I must also not fail to mention that there exist a handful of people who just love learning. The sight of books; their company, the magical feel of the pen and its ethereal dance on paper, the power of words and their getting lost in its mastery and usage cannot be dampened by monetary inducements. Money to them is only a means to an end and that end is the acquisition of more learning. The more they earn, the more they learn – having crossed the threshold of basic survival. Big money means more books, more research and more enquiries. It is never the final bus-stop. For them knowledge is an obsession. Their hearts skip beats at the sight of books and they develop goose bumps when they step into the book store. The smell of printed books is ecstatic; caressing its cover magical; flipping through its pages inspirational. And it is these kinds of people that should be in our schools, faculties, departments and institutes inspiring young men and women into becoming the next Einstein, Marie Curie, Steve Jobs, Mack Zuckerberg, Mo Ibrahim and of course the next Dangote.

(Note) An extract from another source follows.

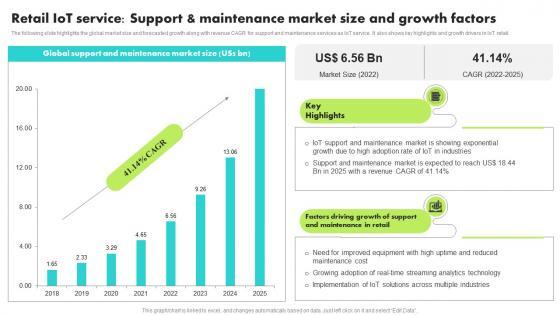 The following slide highlights the global market size and forecasted growth along with revenue CAGR for support and maintenance services as IoT service. It also shows key highlights and growth drivers in IoT retail. If you are looking for a format to display your unique thoughts, then the professionally designed IoT Application In Global Retail IoT Service Support And Maintenance Market Size Designs PDF is the one for you. You can use it as a Google Slides template or a PowerPoint template. Incorporate impressive visuals, symbols, images, and other charts. Modify or reorganize the text boxes as you desire. Experiment with shade schemes and font pairings. Alter, share or cooperate with other people on your work. Download IoT Application In Global Retail IoT Service Support And Maintenance Market Size Designs PDF and find out how to give a successful presentation. Present a perfect display to your team and make your presentation unforgettable. The following slide highlights the global market size and forecasted growth along with revenue CAGR for support and maintenance services as IoT service. It also shows key highlights and growth drivers in IoT retail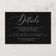 This elegant wedding details enclosure card features a black background with delicate calligraphy style script heading and classic serif body text. Perfect for sharing guest information like accommodation blocks, wedding websites, or special event notes. Its minimalist design adds a touch of sophistication and pairs seamlessly with formal, modern, or black-tie wedding suites.

While our institutions of higher learning have lost 6 PhD holders to the steering wheel of Dangote’s trucks; and countless others long lost into obscurity, the rest of us thinking of pursuing PhDs might just fill forms next time the Magnate puts up an advert to be on the reserve list for his next batch of Drivers because PhD just got a new meaning- Professional honourable Driver; and MSc- Master of Steering and clutch. I wish the PhDs and others the best in their new found jobs but no doubt Nigeria needs redemption.